* [What the task asks]: Starting at the line that contains "Designer Todd Snyder", transcribe every remaining line of the data below exactly, and omit all pictures.

* [The data]:

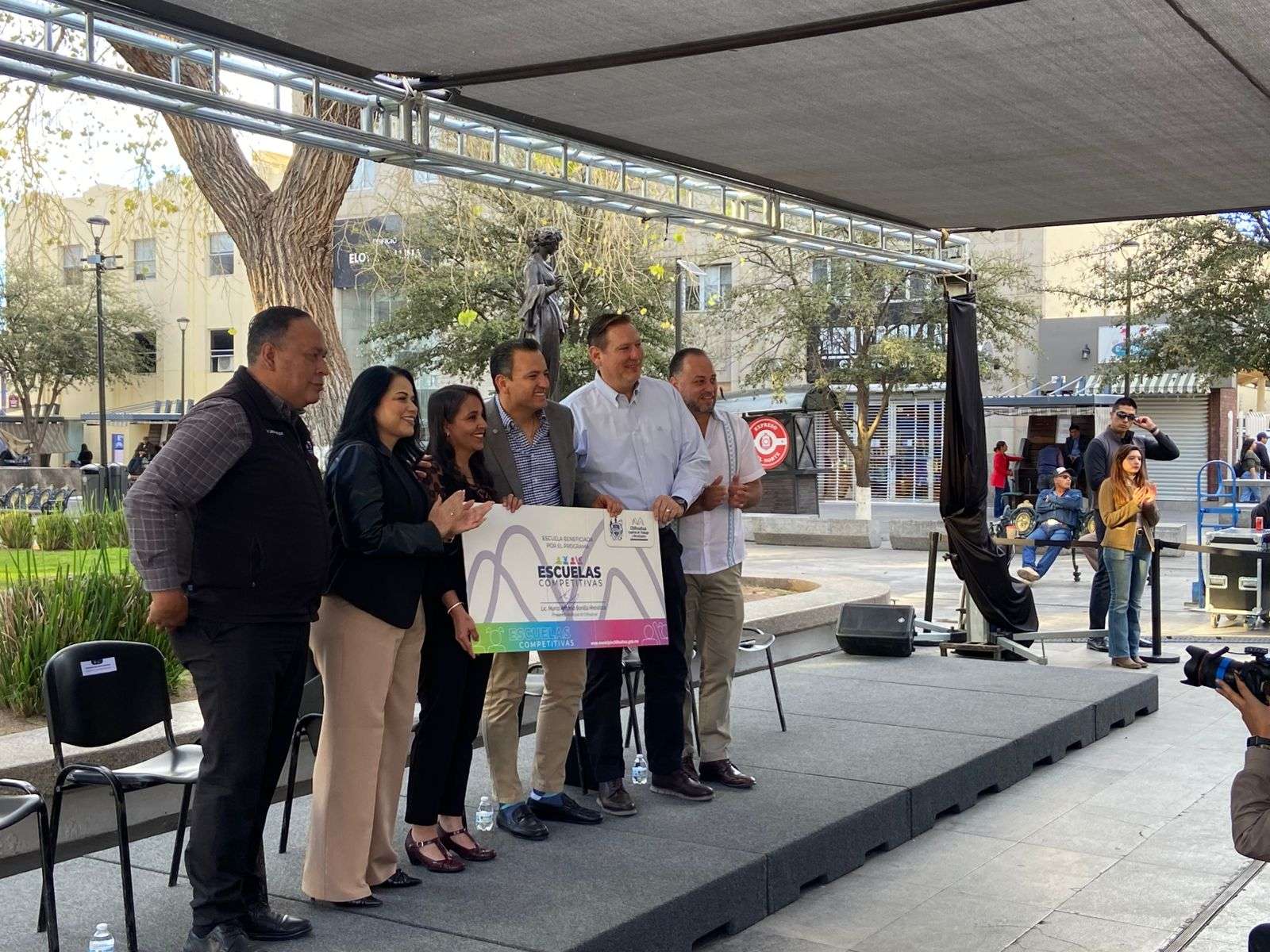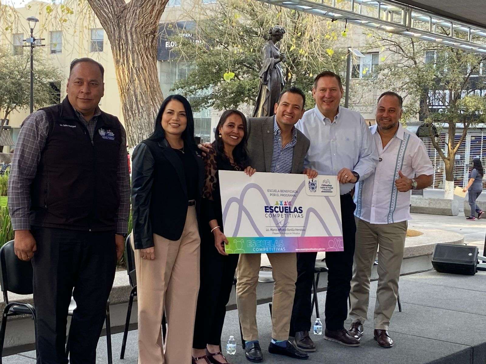 Chihuahua.- El alcalde Marco Antonio Bonilla Mendoza, encabezo la entrega de cheques del programa Escuelas Competitivas para la mejora de los centros escolares, que en esta ocasión se entregó de manera simbólica a la escuela secundaria 3020.
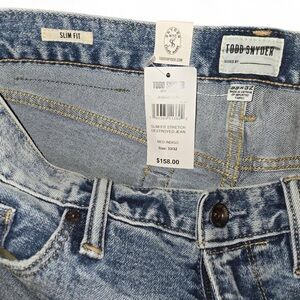 Designer Todd Snyder slim fit jeans in size 33x32. These jeans have a great wash. Nice stretch, good weight to the denim, brand new! Retail $158
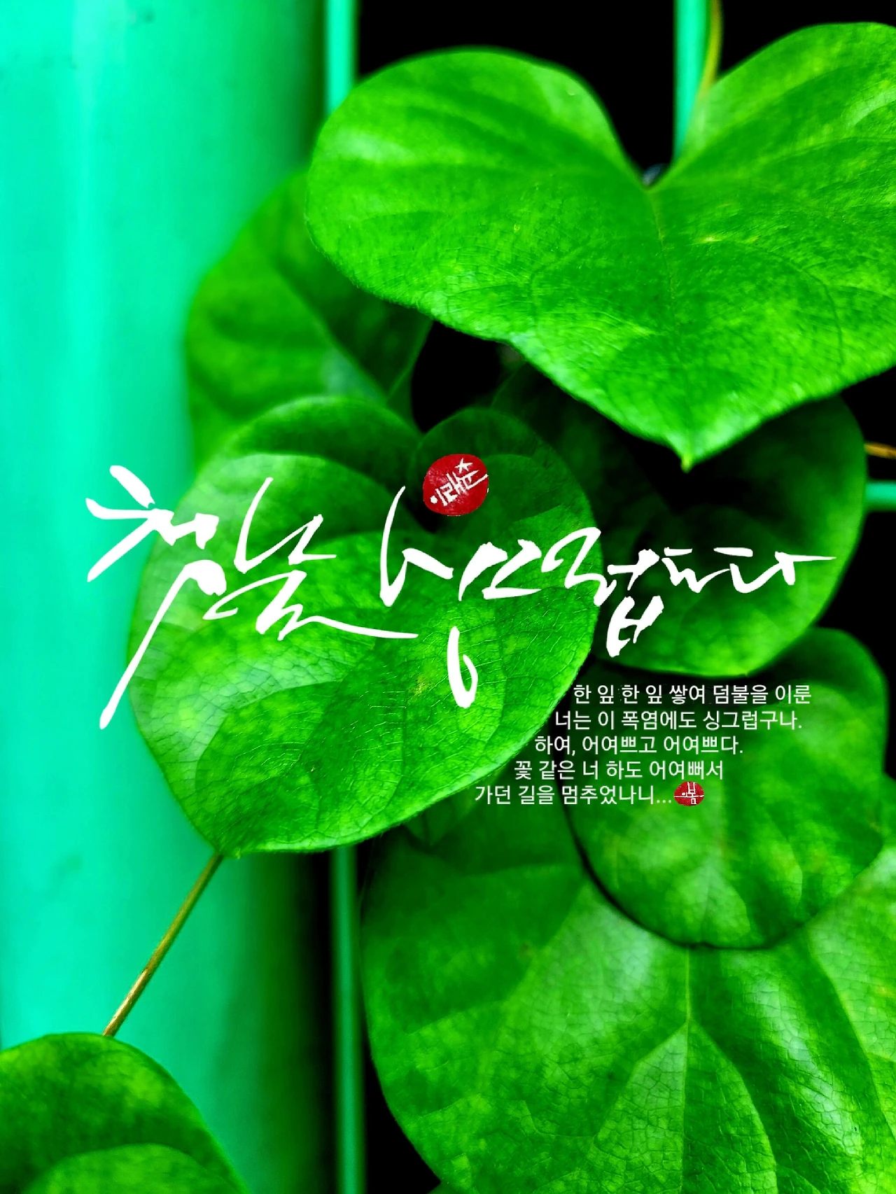 덩굴손 야무지게 틀어진 녀석이 철망을 기어올랐다. 한 잎 두 잎 손을 내밀고 앙칼지게 틀어쥐었다. 몇 날 며칠이 걸렸을까 생각조차 어려운 시간이었겠지만 물러서지 않은 시간은 제법 그럴듯한 덤불로 보상해 주었다. 종종걸음으로 지나치는 사람들을 등지고 사진을 찍었다. 싱그러웠다. 보는 순간이 눈이 시원했고 바람이라도 부는 것처럼 마음마저 시원했다. 한 잎 두 잎 기어오른 녀석의 선물이다. 고맙고 감사한 마음으로 사양하지 않았다.

* [Reply]:
 Designer Todd Snyder slim fit jeans in size 33x32. These jeans have a great wash. Nice stretch, good weight to the denim, brand new! Retail $158
 덩굴손 야무지게 틀어진 녀석이 철망을 기어올랐다. 한 잎 두 잎 손을 내밀고 앙칼지게 틀어쥐었다. 몇 날 며칠이 걸렸을까 생각조차 어려운 시간이었겠지만 물러서지 않은 시간은 제법 그럴듯한 덤불로 보상해 주었다. 종종걸음으로 지나치는 사람들을 등지고 사진을 찍었다. 싱그러웠다. 보는 순간이 눈이 시원했고 바람이라도 부는 것처럼 마음마저 시원했다. 한 잎 두 잎 기어오른 녀석의 선물이다. 고맙고 감사한 마음으로 사양하지 않았다.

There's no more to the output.